• [Collected data]:
---*---

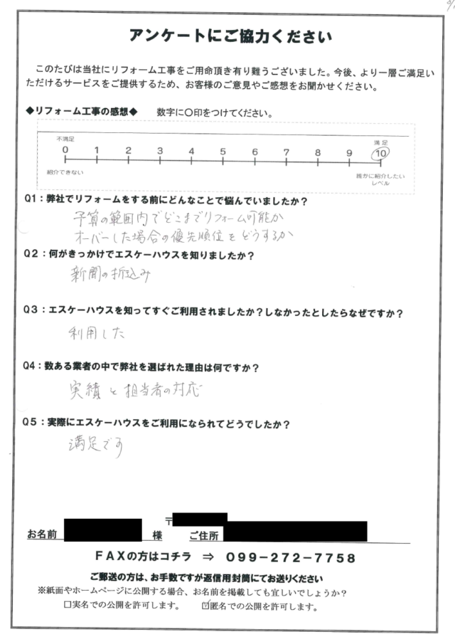 お客様の声|工事後のアンケート Q1:弊社でリフォームをする前にどんなことでなやんでいましたか? 予算の範囲内でどこまでリフォーム可能か オーバーした場合の優先順位はどうするか Q2:何がきっかけでエスケーハウスを知りましたか? 新聞の折り込み Q3:エスケーハウスを知ってすぐご利用されましたか? しなかったとしたらなぜですか? 利用した Q4:数ある業者の中で弊社を選ばれた理由は何ですか? 実績と担当者の対応 Q5:実際にエスケーハウスをご利用になられてどうでしたか? 満足です。 日置市 匿名希望様
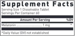 Melatonin dissolvable tablets contain 1 mg of high purity melatonin sweetened exclusively with xylitol and mannitol. 1 mg. 60 capsules.
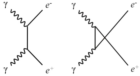 - Gould, R.J.; Schreder, G.P. Pair production in photon-photon collisions. Phys. Rev. 1967, 155, 1404. [Google Scholar] [CrossRef]

---*---

• [Work to be completed]: All of the lines above must be printed again exactly, and no picture may appear in the copy.

• [Your solution]:
 お客様の声|工事後のアンケート Q1:弊社でリフォームをする前にどんなことでなやんでいましたか? 予算の範囲内でどこまでリフォーム可能か オーバーした場合の優先順位はどうするか Q2:何がきっかけでエスケーハウスを知りましたか? 新聞の折り込み Q3:エスケーハウスを知ってすぐご利用されましたか? しなかったとしたらなぜですか? 利用した Q4:数ある業者の中で弊社を選ばれた理由は何ですか? 実績と担当者の対応 Q5:実際にエスケーハウスをご利用になられてどうでしたか? 満足です。 日置市 匿名希望様
 Melatonin dissolvable tablets contain 1 mg of high purity melatonin sweetened exclusively with xylitol and mannitol. 1 mg. 60 capsules.
 - Gould, R.J.; Schreder, G.P. Pair production in photon-photon collisions. Phys. Rev. 1967, 155, 1404. [Google Scholar] [CrossRef]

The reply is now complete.